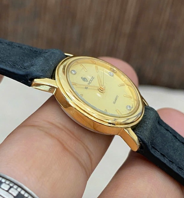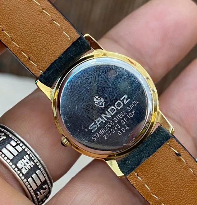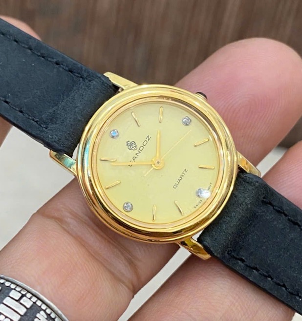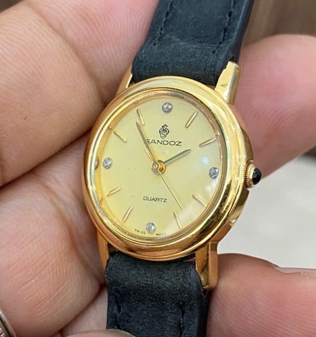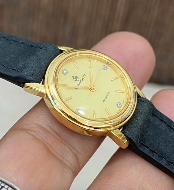 Sandoz - Đồng hồ Nữ hàng hiệu thuỵ sỹ bọc vàng 10mc, đính 4 viên KC siêu sang
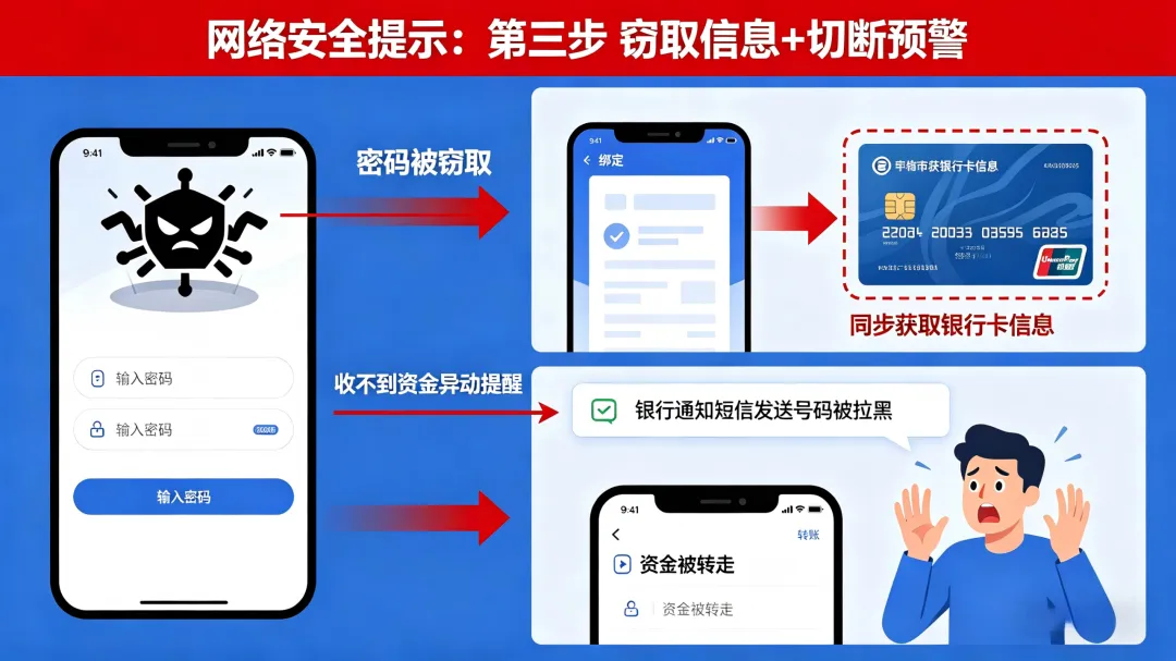 第三步,窃取信息+切断预警——一旦你输入密码,恶意程序就会瞬间窃取密码,同步获取你手机绑定的银行卡信息,同时自动拉黑银行通知短信的发送号码,让你收不到任何资金异动提醒,眼睁睁看着钱被转走却一无所知。
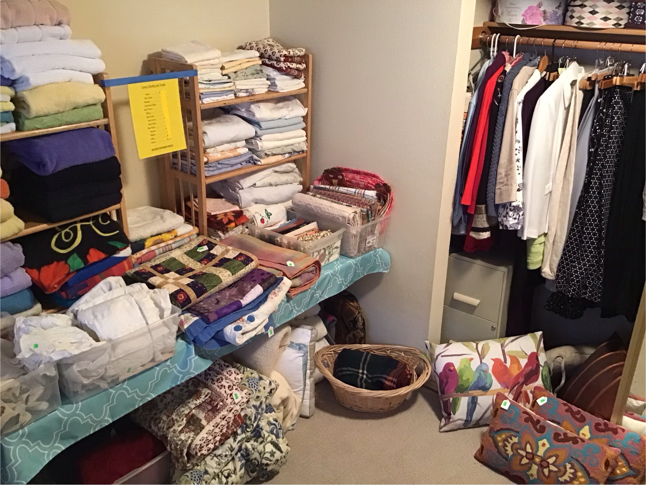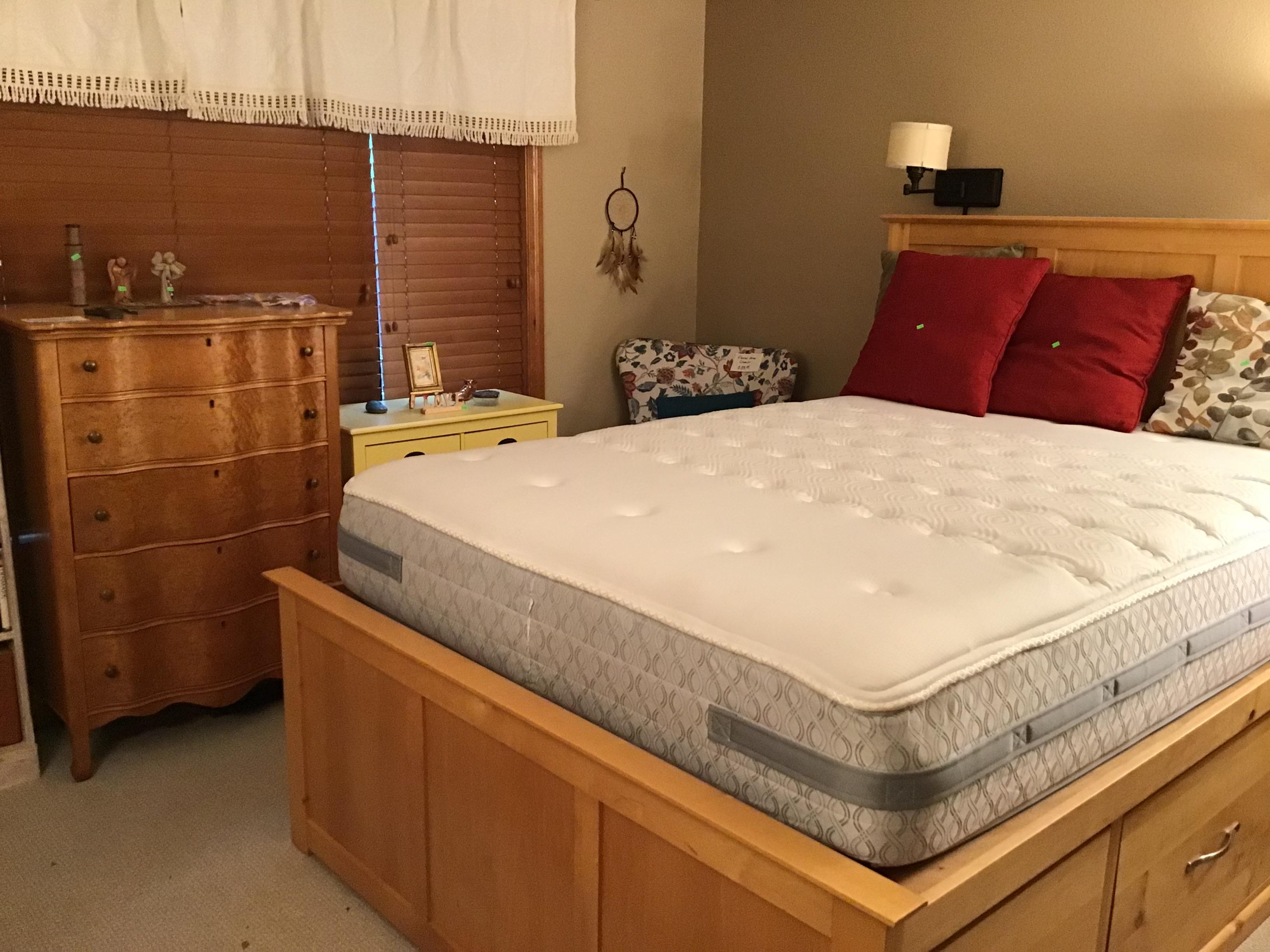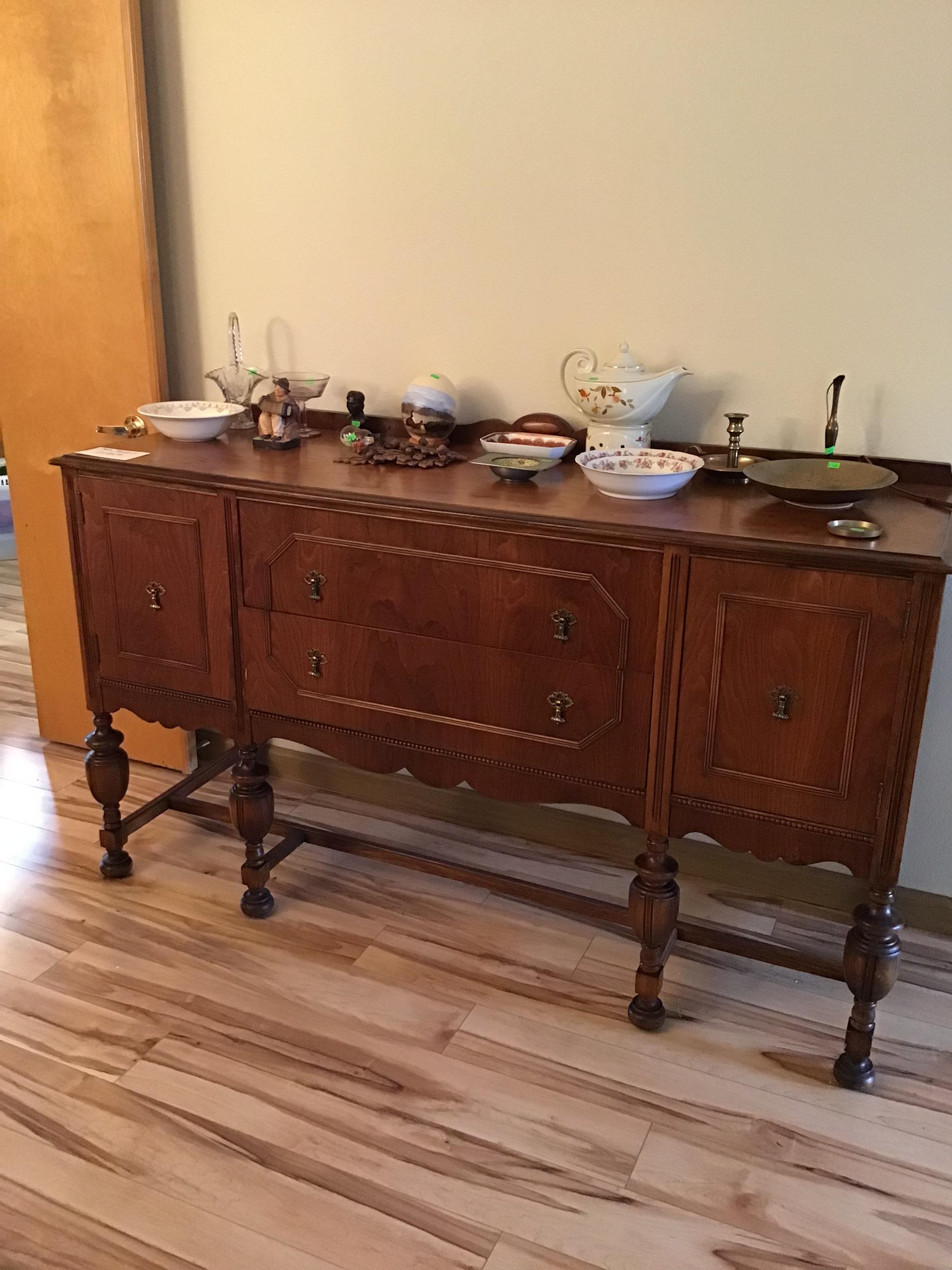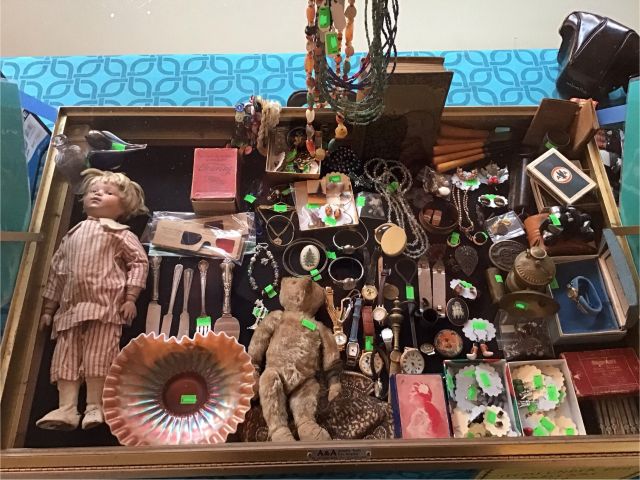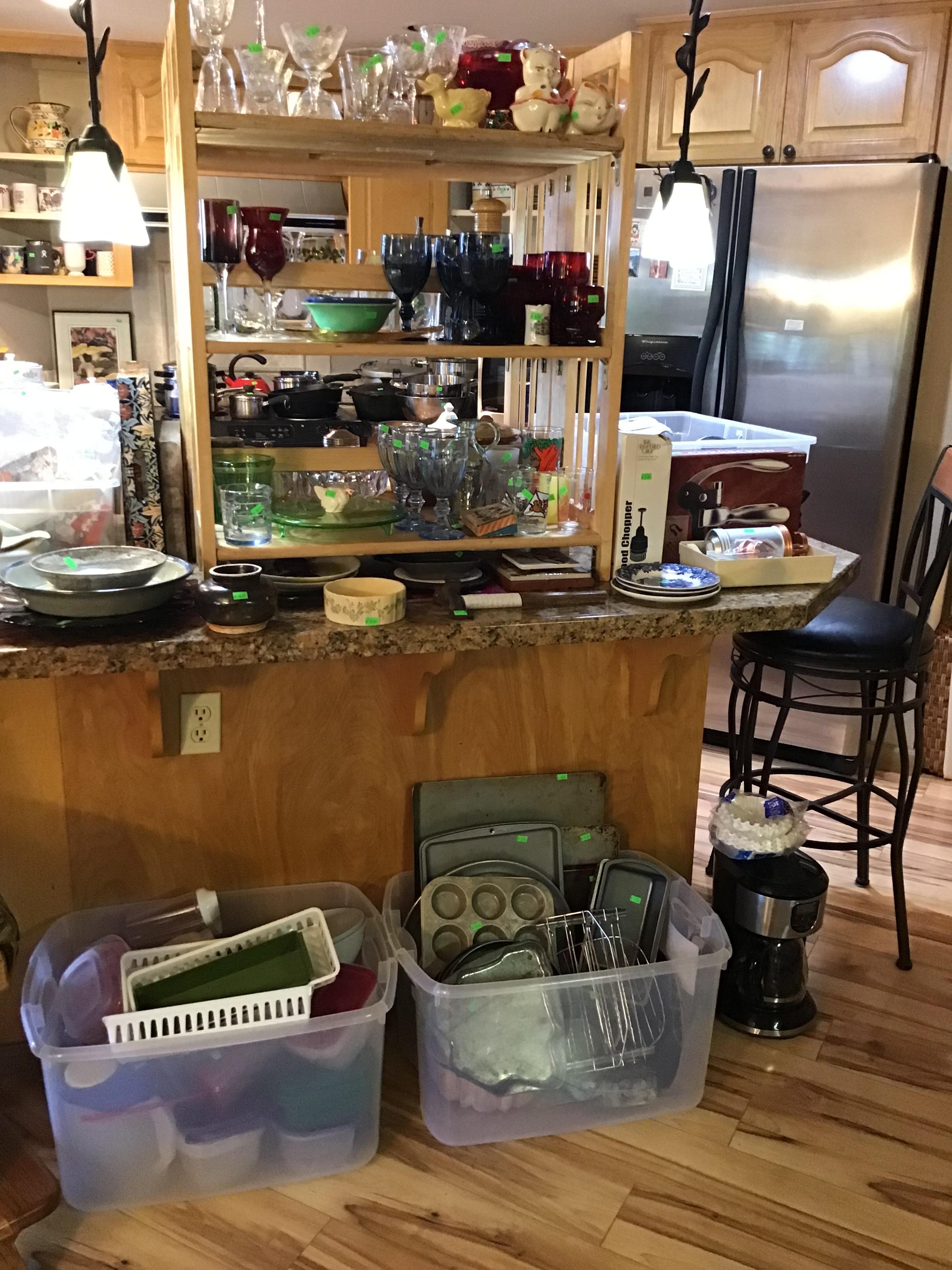 Antiques and collectibles, antique furniture, books. Contemporary furniture, including matching loveseat and sofa, Queen bed frame with storage, book cases, dining table and chairs, buffet, miscellaneous chairs, Linens, women’s clothing and accessories, toiletries and household products, kitchenware including small appliances, pots and pans, glassware, Pyrex, office miscellaneous, board games, wood canoe, outdoor pots, some tools, bookshelves and more!
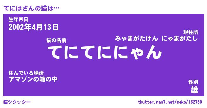| ヘコむあだ名 | 『てにっふぃ~』『牛乳』『てに太郎』 |
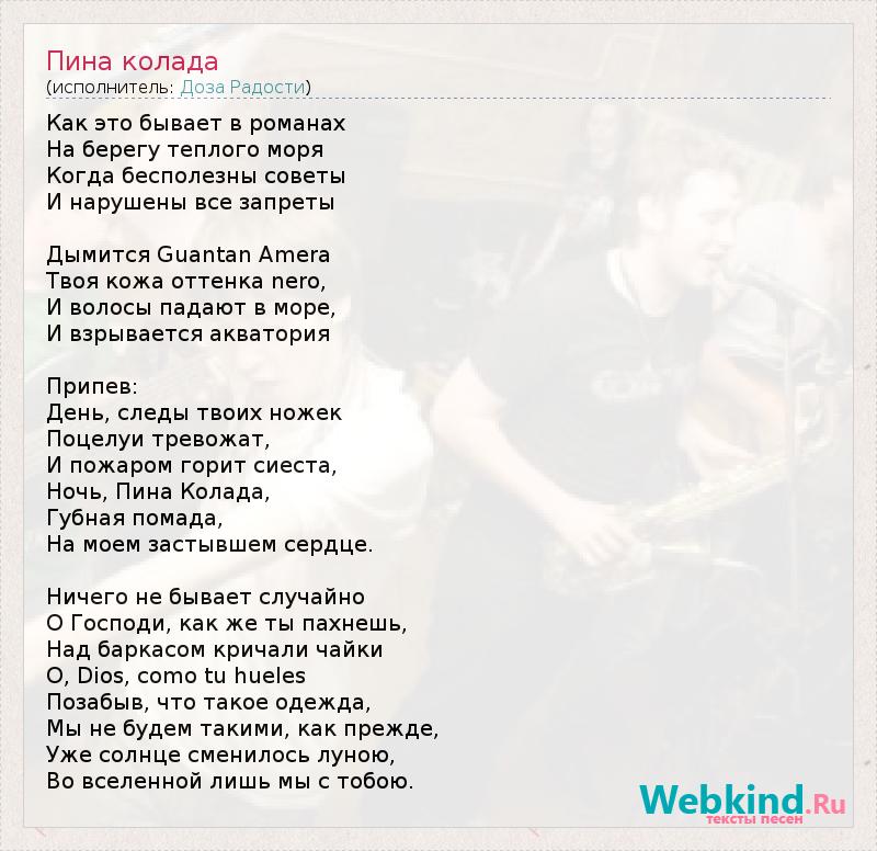 Как это бывает в романах На берегу теплого моря Когда бесполезны советы И нарушены все запреты Дымится Guantan Amera Твоя кожа оттенка nero, И волосы падают в море, И взрывается акватория Припев: День, следы твоих ножек Поцелуи тревожат, И пожаром горит сиеста, Ночь, Пина Колада, Губная помада, На моем застывшем сердце. Ничего не бывает случайно О Господи, как же ты пахнешь, Над баркасом кричали чайки O, Dios, como tu hueles Позабыв, что такое одежда, Мы не будем такими, как прежде, Уже солнце сменилось луною, Во вселенной лишь мы с тобою.

### EXERCISE
Begin at the line containing "ヘコむあだ名 | 『てにっふぃ~』『牛乳』『てに太郎』 |" and stop at the final line of the data. Retype those lines exactly, without the pictures.

### WRITTEN ANSWER
| ヘコむあだ名 | 『てにっふぃ~』『牛乳』『てに太郎』 |
 Как это бывает в романах На берегу теплого моря Когда бесполезны советы И нарушены все запреты Дымится Guantan Amera Твоя кожа оттенка nero, И волосы падают в море, И взрывается акватория Припев: День, следы твоих ножек Поцелуи тревожат, И пожаром горит сиеста, Ночь, Пина Колада, Губная помада, На моем застывшем сердце. Ничего не бывает случайно О Господи, как же ты пахнешь, Над баркасом кричали чайки O, Dios, como tu hueles Позабыв, что такое одежда, Мы не будем такими, как прежде, Уже солнце сменилось луною, Во вселенной лишь мы с тобою.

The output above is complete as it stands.